THE TASK
Where pictures appear, omit them, and copy exactly only the lines from the start of the listing through the line containing "Georgian rose cut", both included.
------------------------------
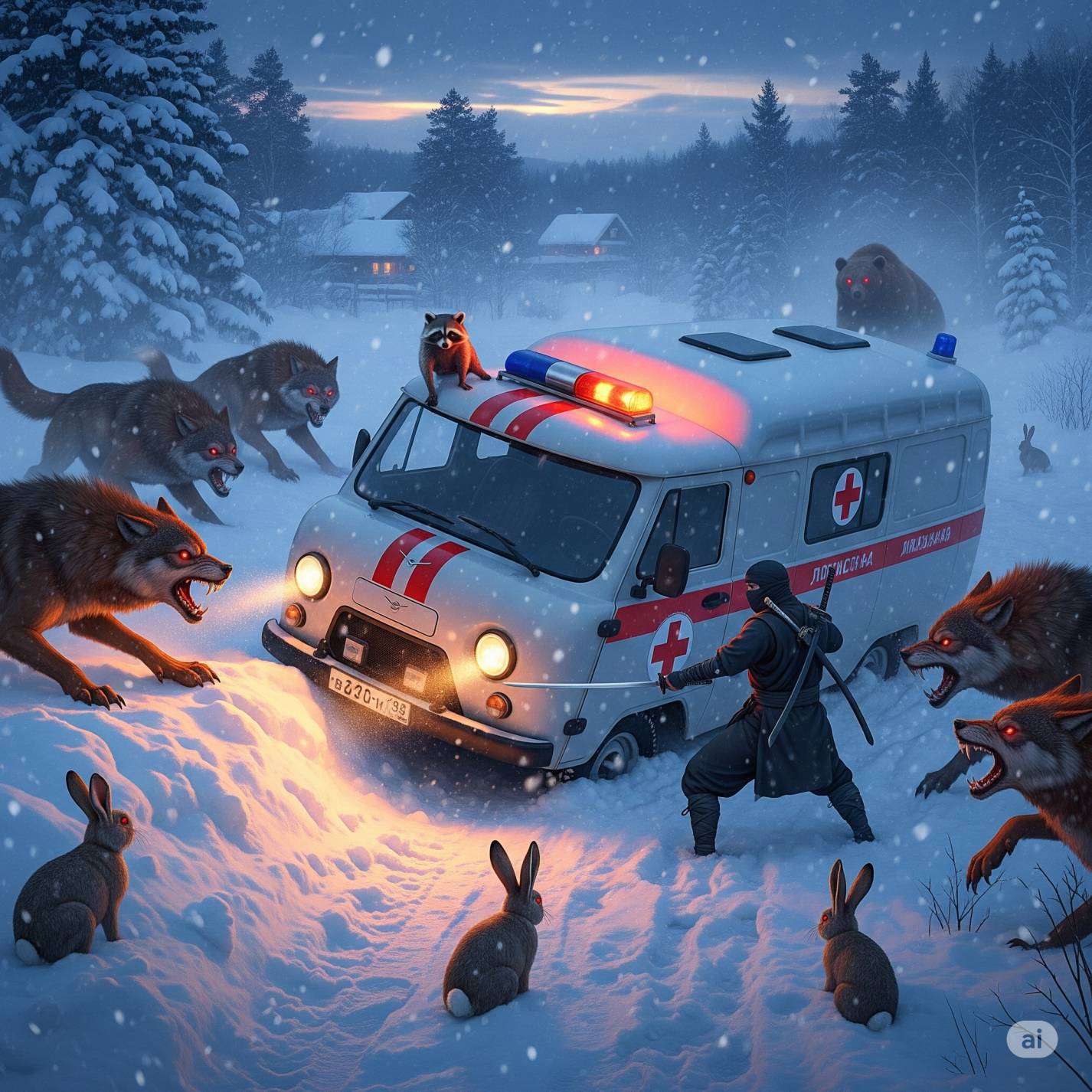 Его услышали все. Дважды повторять не пришлось. Наталья первая заскочила в машину. Слава отстреливался. Я пятился спиной к машине, как вдруг почувствовал движение справа, повернулся и всадил меч, высунувшимся из-за машины медведю, в глаз, почувствовав, как сталь уперлась в стенку черепа. Выдернул меч, медведь упал мне под ноги около дверцы машины. Юля, выстрелила и, перепрыгнув медведя, заскочила в машину. Следом начал забираться я, ноги уже дрожали от усталости. На медведе стоять было не удобно. Юля с Виталей затащили меня в машину. Следом сунулся Слава, вдруг его лицо исказилось от боли, мертвый медведь внезапно ожил, встал на дыбы и полоснул его лапой по спине, разом превратив его куртку и спину в лохмотья. Я схватил Славу за плечо и не дал ему вывалиться из машины. Виталя просунул ствол на улицу и выстрелил медведю в морду. Выстрелом мишку откинуло, и я смог захлопнуть дверь, рыбкой проскочил на водительское сиденье, завел мотор, включил заднюю передачу, выдернул машину из сугроба и поехал к поселку. Оскаленная морда енота показалась в разбитом окошке. Виталя снял её выстрелом, и устало откинулся на сиденье, баюкая руку.
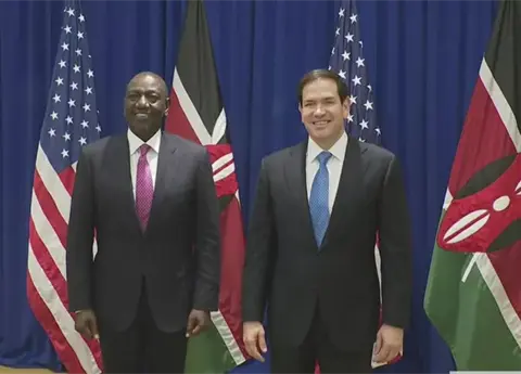 - La reunión también abordó la cooperación bilateral en materia de seguridad y el rol clave de Kenia en la protección de la región africana. Asimismo, Rubio y Ruto revisaron oportunidades para fortalecer la inversión comercial estadounidense en sectores estratégicos de Kenia.
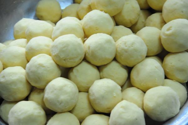 Đỗ xanh ngâm khoảng 3 tiếng rồi đồ chín, nghiền nhuyễn với đường cho vừa miệng.
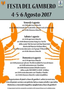 Da venerdì 4 a domenica 6 agosto il programma prevede musica (le Pink Armada nella prima serata, Il Musichiere nella seconda, Claudio e Claudia domenica), dimostrazioni di Kung Fu e Tai Chi ma anche di ballo country, oltre ovviamente alla degustazione di piatti a base di gamberi.
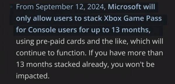 有玩家指出,限制时长堆叠的意图在于让用户不能在黑色星期五等优惠期间大量购买订阅“薅羊毛”,以此赚取更多的订阅费。另一方面,微软允许已订阅主机版XGP的用户继续以原价续订,但如果仍允许续订三年,本次涨价就变得没什么意义了。
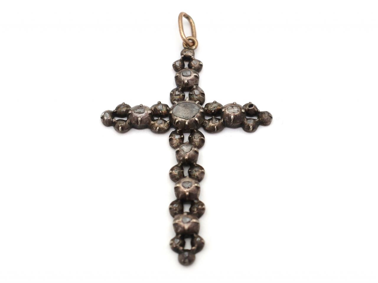 Georgian rose cut diamond silver and yellow gold cross pendant.
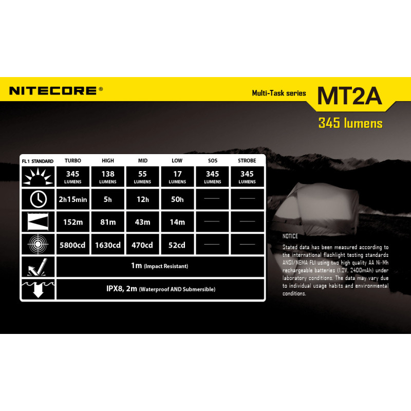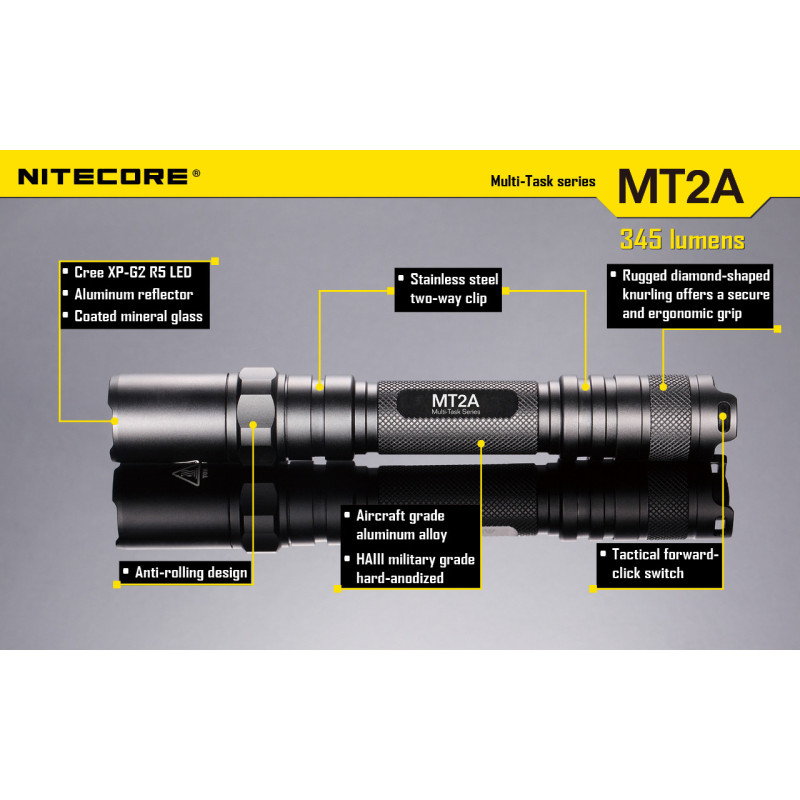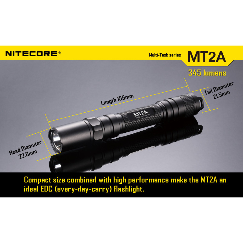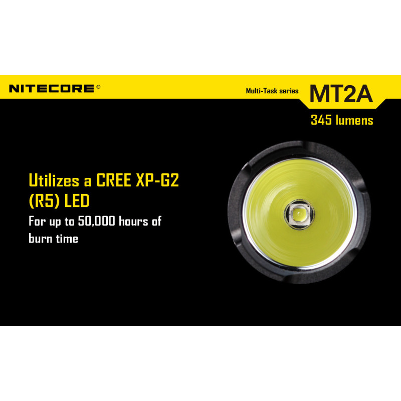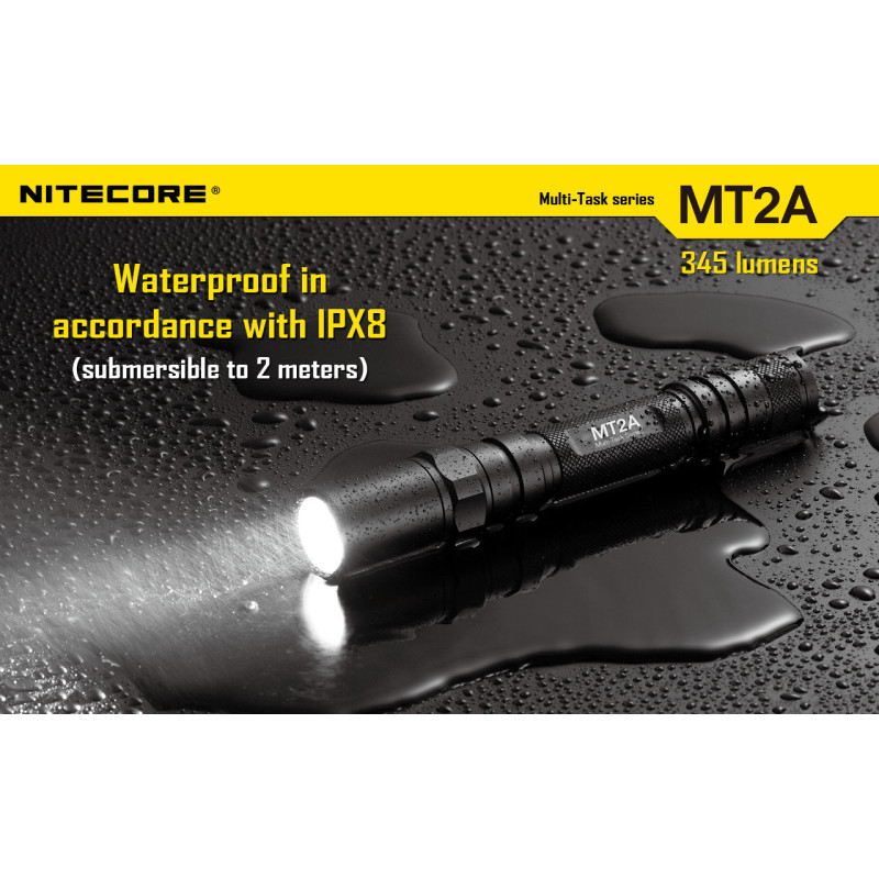 Flashlight - Nitecore Multi-Task Series MT2A Flashlight.Customize your flashlight to your needs. The Nitecore MT2A flashlight is perfect for tactical operations or camping, as well as for home use. The easy-to-use interface allows you to quickly use Turbo mode or a user-defined mode. With a built-in memory function, it can meet even the most diverse user needs. The MT2A allows you to choose from 4 brightness levels - Low, Mid, High and Turbo. The device is extremely lightweight and convenient, yet durable. It shines up to 345 lm and offers 4 brightness levels. You can easily save settings - for example, Turbo + Strobe or Turbo + Mid. It also offers 2 additional modes - SOS and Strobe.
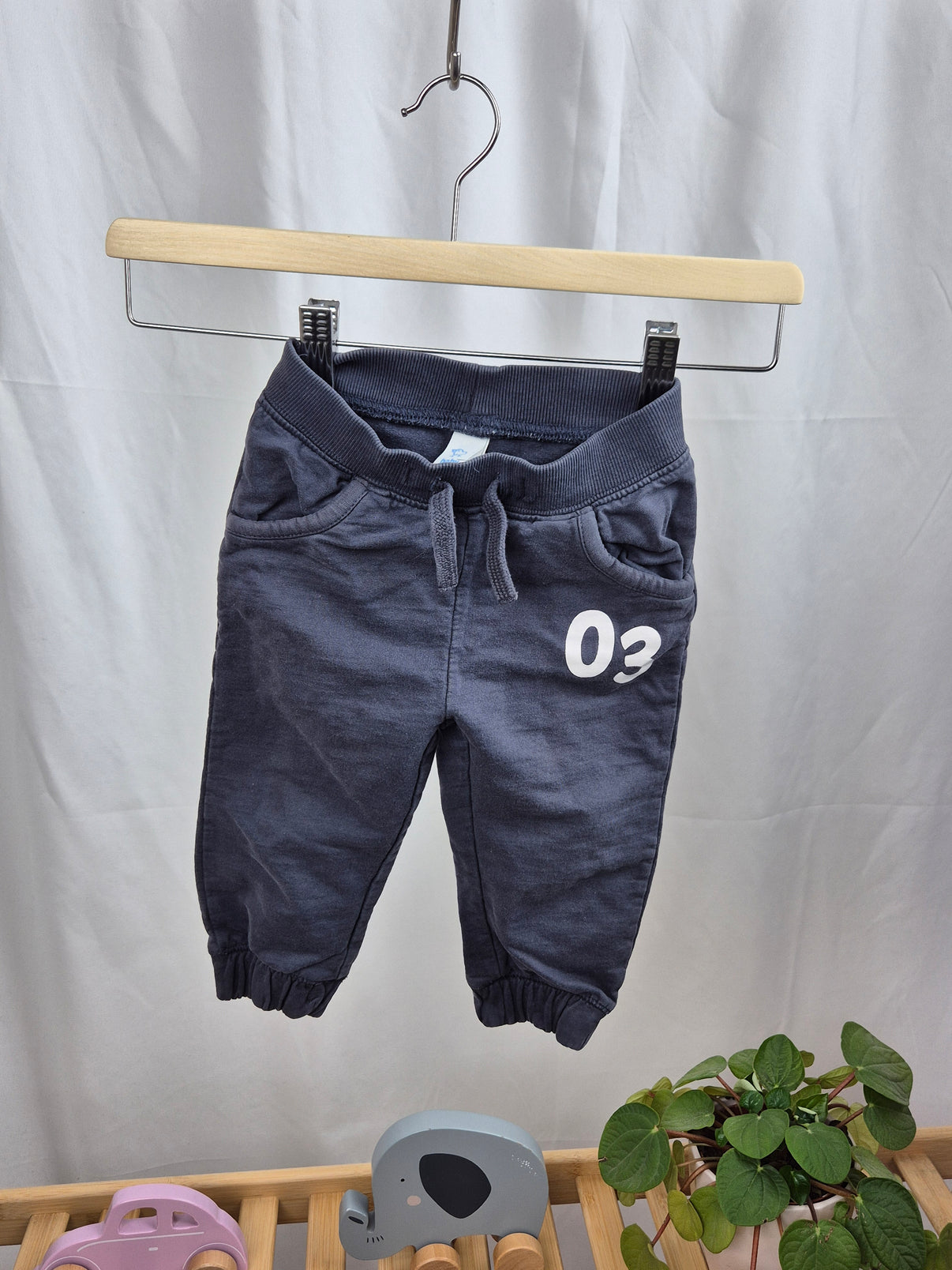 Pohodlné tepláky z C&A v tmavě šedé barvě jsou ideální volbou pro každodenní nošení. Díky měkkému bavlněnému materiálu, elastickému pasu se šňůrkou a zakončení nohavic do gumy zaručují maximální komfort při pohybu. Hravý detail s číslicí „03“ dodává sportovní nádech. Skvělé do školky, na hřiště i na doma. Vhodné pro kluky.
------------------------------
RESPONSE BOX
 Его услышали все. Дважды повторять не пришлось. Наталья первая заскочила в машину. Слава отстреливался. Я пятился спиной к машине, как вдруг почувствовал движение справа, повернулся и всадил меч, высунувшимся из-за машины медведю, в глаз, почувствовав, как сталь уперлась в стенку черепа. Выдернул меч, медведь упал мне под ноги около дверцы машины. Юля, выстрелила и, перепрыгнув медведя, заскочила в машину. Следом начал забираться я, ноги уже дрожали от усталости. На медведе стоять было не удобно. Юля с Виталей затащили меня в машину. Следом сунулся Слава, вдруг его лицо исказилось от боли, мертвый медведь внезапно ожил, встал на дыбы и полоснул его лапой по спине, разом превратив его куртку и спину в лохмотья. Я схватил Славу за плечо и не дал ему вывалиться из машины. Виталя просунул ствол на улицу и выстрелил медведю в морду. Выстрелом мишку откинуло, и я смог захлопнуть дверь, рыбкой проскочил на водительское сиденье, завел мотор, включил заднюю передачу, выдернул машину из сугроба и поехал к поселку. Оскаленная морда енота показалась в разбитом окошке. Виталя снял её выстрелом, и устало откинулся на сиденье, баюкая руку.
 - La reunión también abordó la cooperación bilateral en materia de seguridad y el rol clave de Kenia en la protección de la región africana. Asimismo, Rubio y Ruto revisaron oportunidades para fortalecer la inversión comercial estadounidense en sectores estratégicos de Kenia.
 Đỗ xanh ngâm khoảng 3 tiếng rồi đồ chín, nghiền nhuyễn với đường cho vừa miệng.
 Da venerdì 4 a domenica 6 agosto il programma prevede musica (le Pink Armada nella prima serata, Il Musichiere nella seconda, Claudio e Claudia domenica), dimostrazioni di Kung Fu e Tai Chi ma anche di ballo country, oltre ovviamente alla degustazione di piatti a base di gamberi.
 有玩家指出,限制时长堆叠的意图在于让用户不能在黑色星期五等优惠期间大量购买订阅“薅羊毛”,以此赚取更多的订阅费。另一方面,微软允许已订阅主机版XGP的用户继续以原价续订,但如果仍允许续订三年,本次涨价就变得没什么意义了。
 Georgian rose cut diamond silver and yellow gold cross pendant.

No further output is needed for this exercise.